Шутки шутками, а на первом же экзамене по письменной математике я получил именно двойку, хотя вины моей в том почти не было. Войсковой приемник - муравейник: все бегают, суетятся, шпаргалки готовят, земляков ищут, желательно умных. Познакомился и я с парнем откуда-то с Кубани, хоть и пол-лаптя по карте, а все ж земляк. Парень крепкий, веселый, несколько излишне болтливый, ну, у каждого свои недостатки. Он все упирал на то, что он чистопородный кубанский казак, а кубанцы и донцы - браты, и... вообще. Короче, братские чувства я должен был проявить на экзамене. Почему он решил, что я больше него знаю, трудно сказать, но жужжал он и вился вокруг меня до тех пор, пока я плюнул: "Ладно, садись впереди меня, разберемся". Вначале все шло как по нотам. Он впереди - я сзади. Всем раздали по два листа, в углу - штамп "Учебный отдел...". Объявили задание по вариантам. Два примера и задача - геометрия с применением тригонометрии. Как оно получилось, трудно сказать, но примеры я решил почти мгновенно и геометрическая часть задачи как-то сама собой высветилась, а дальше заклинило. Помню, какую формулу надо применить, чтобы получить ответ, но саму формулу забыл. Покрутился по сторонам, все носами в листы уткнулись, сопят, стараются, спросить не у кого, списать тем более. Появилось ощущение, что вот-вот еще немного, еще чуть-чуть - и я ее вспомню. Кубанец впереди обозначил себя: "Ну, ты как?"

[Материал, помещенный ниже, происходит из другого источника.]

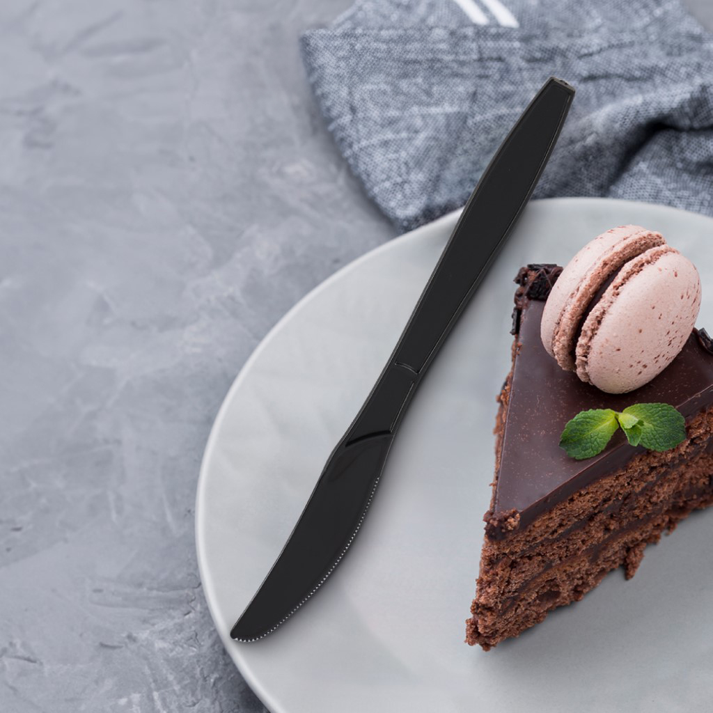 The ideal answer to hassle-free eating. The Packwell Black HD knife has an excellent design and provides outstanding usefulness and durability for a range of applications. Made from premium-quality, BPA-free, and food-grade materials, this plastic knife is safe and hygienic. These plastic knives weigh only 4.0 grams, making them light in weight, convenient to use, and large enough to hold a reasonable amount of food. It is commonly used for packing, takeout, catering, large gatherings, etc. to slice soft and sticky foods like brownies, spreads, cake, bread, some vegetables, etc. This pack contains 50 knives, so you’ll have enough to meet your needs. This plastic knife is constructed of high-quality BPA-free and food-grade materials, ensuring your safety and prioritizing your health. With its anti-bacterial and anti-fungal properties, food will remain fresh and free of bacterial or fungal growth. The knife is also odor-proof at any temperature and does not absorb or retain odor from the food it holds. Their simple yet ergonomic design allows for comfort. Made from the highest-quality materials, these plastic knives are a versatile and reliable investment for all your needs.

- Два примера и ползадачи, сейчас дорешаю.
- Дай, что есть.
- На.
Я подвинул лист с решением на край стола. Он "содрал" почти мгновенно, у меня сложилось впечатление, что у него один глаз смотрел ко мне, а другой - к себе. Успокоился, оживился, разодрал свой второй лист на полоски, быстро-быстро стал писать на этих полосках примеры и ловко метать скатанную в шарик бумагу вправо и влево, приятелям, землякам или уже не знаю кому. А у меня почему-то усилилось ощущение, что я вот-вот вспомню формулу. Я подвинул исписанный лист к себе. Формула где-то близко крутилась в глубине мозга, но упрямо не вспоминалась. Меня начал раздражать мой второй чистый лист. Я отодвинул его на край стола. Формула все не вспоминалась, а ощущение "вот-вот" все усиливалось. Кубанец к тому времени полностью исчерпал запасы бумаги и, удовлетворенно хрюкнув, сел прямо и расслабился. Проводивший экзамен начальник кафедры математики Иван Иванович Кузин направился к нему:
- Вы готовы?
- Готов!
- Сдавайте.
- Пожалуйста.
- А где второй лист?
Здесь Ивана Ивановича что-то отвлекло. Кубанец одним движением "слизал" мой лежащий на краю стола лист, приложил его к своему.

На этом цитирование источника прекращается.